Success vs. Fruitfulness

Written by on August 16, 2011

“People are longing to rediscover true community.
We have had enough of loneliness, independence, and competition.”
Jean Vanier

 For so many of us today accomplishment, praise, and power are failing to address the deepest longings of our heart. Others admire and even envy our performance, nearly flawless, but inside there is deep and echoing hollowness – an emptiness. Many of our successes are resulting in a sense of disappointment, confusion, and even loneliness. The race of success has become a treadmill of performance that is not doling out the prizes that seemed so assured and inevitable when we started. There must be something more, something else…

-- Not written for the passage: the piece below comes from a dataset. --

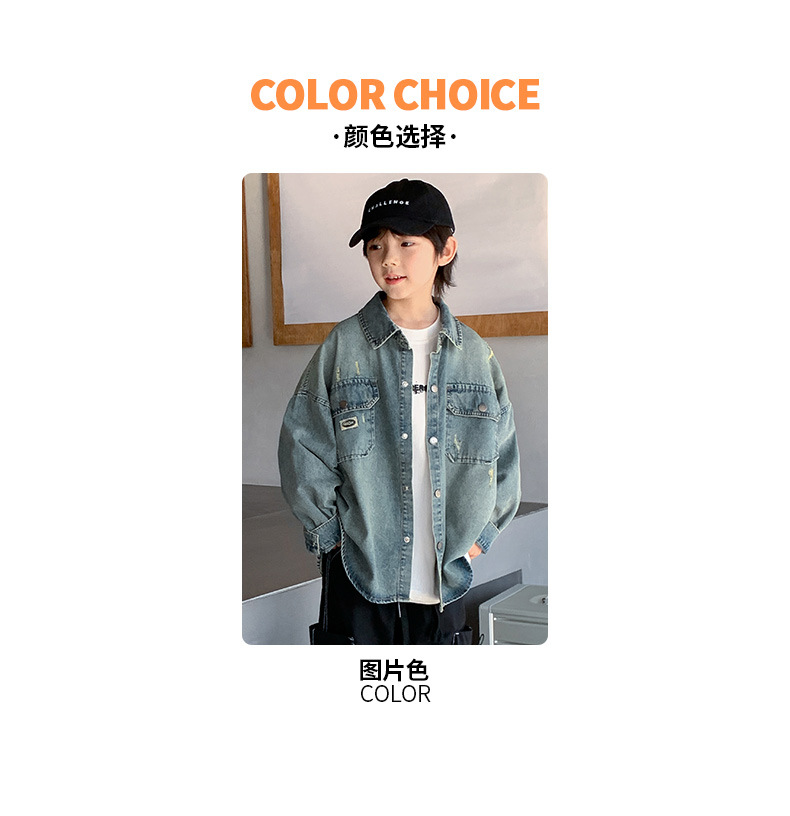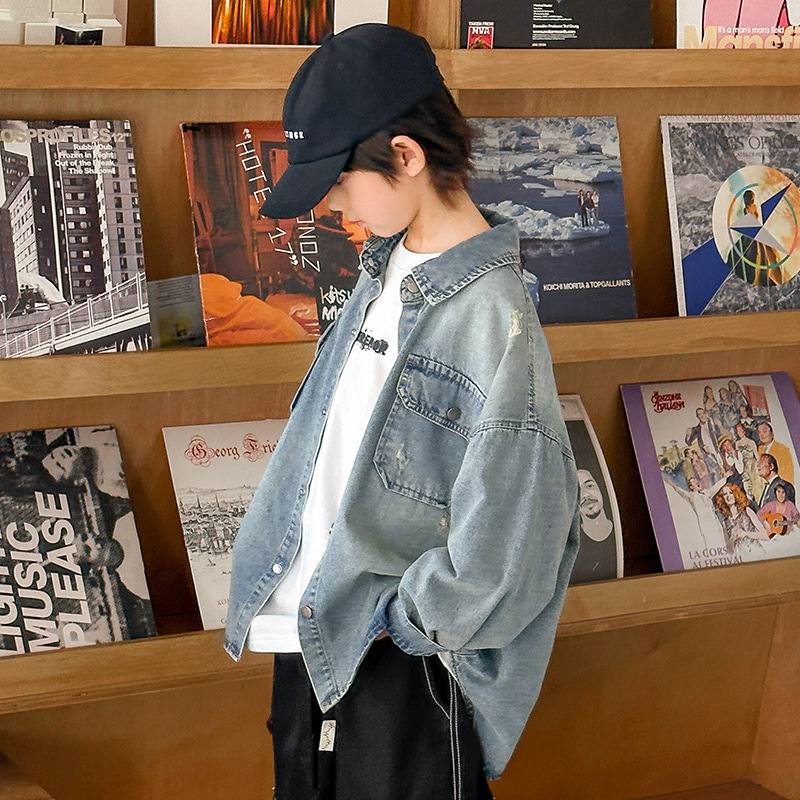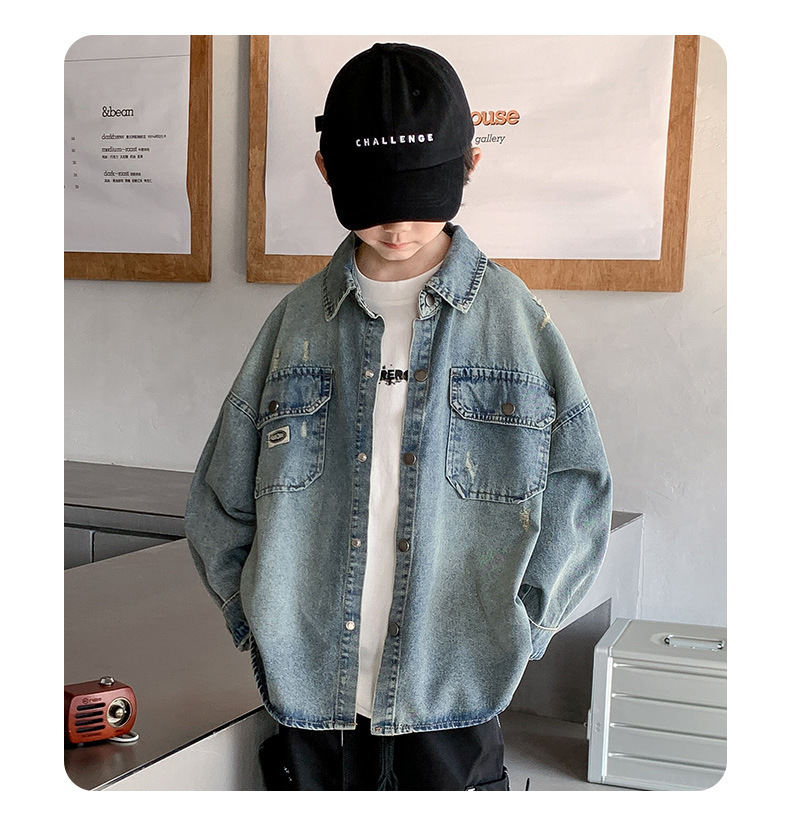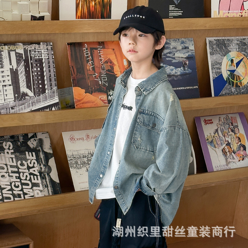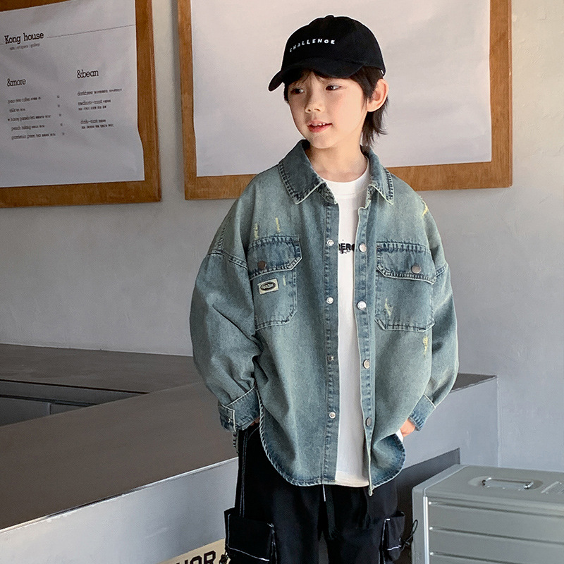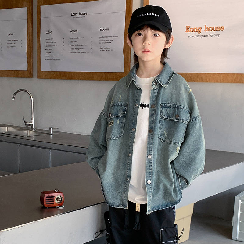 Ropa vaquero para niños de primavera chaqueta vaquero para niños de mediana edad y grandes nuevos niños de primavera y otoño ropa vaquero personalizada para niños de primavera suave y delgada fuera de la marea

Will we have the courage to step off the treadmill of performance? Or will we continue to fill our deepest aches with achievements and others’ respect? Are we each desperately hoping that the next accomplishment or the next word of praise will satisfy the hunger of our heart? Several years ago now a friend shared with me this quote from Henri Nouwen:

There is a great difference between success and fruitfulness. Success comes from strength, control, and respectability. A successful person has the energy to create something, to keep control over its development, and to make it available in large quantities. Success brings many rewards and often fame. Fruits, however, come from weakness and vulnerability. And fruits are unique. A child is the fruit conceived in vulnerability, community is the fruit born through shared brokenness, and intimacy is the fruit that grows through touching one another’s wounds. Let’s remind one another that what brings us true joy is not successfulness but fruitfulness.”

Whether as a student or a grandparent, a mother or a business professional, a teacher or a pastor, it is this reminder of “true joy” that we must not just speak to one another, but we must live out with one another. For certainly there are many pressures in North America that reduce who we are to something far less than God intended us to be. Amidst these relentless temptations to substitute some sort of individual success or recognition for our heart’s security, we must be attentive and responsive to the Spirit of God who invites us to a different sort of life, a different sort of security in this world.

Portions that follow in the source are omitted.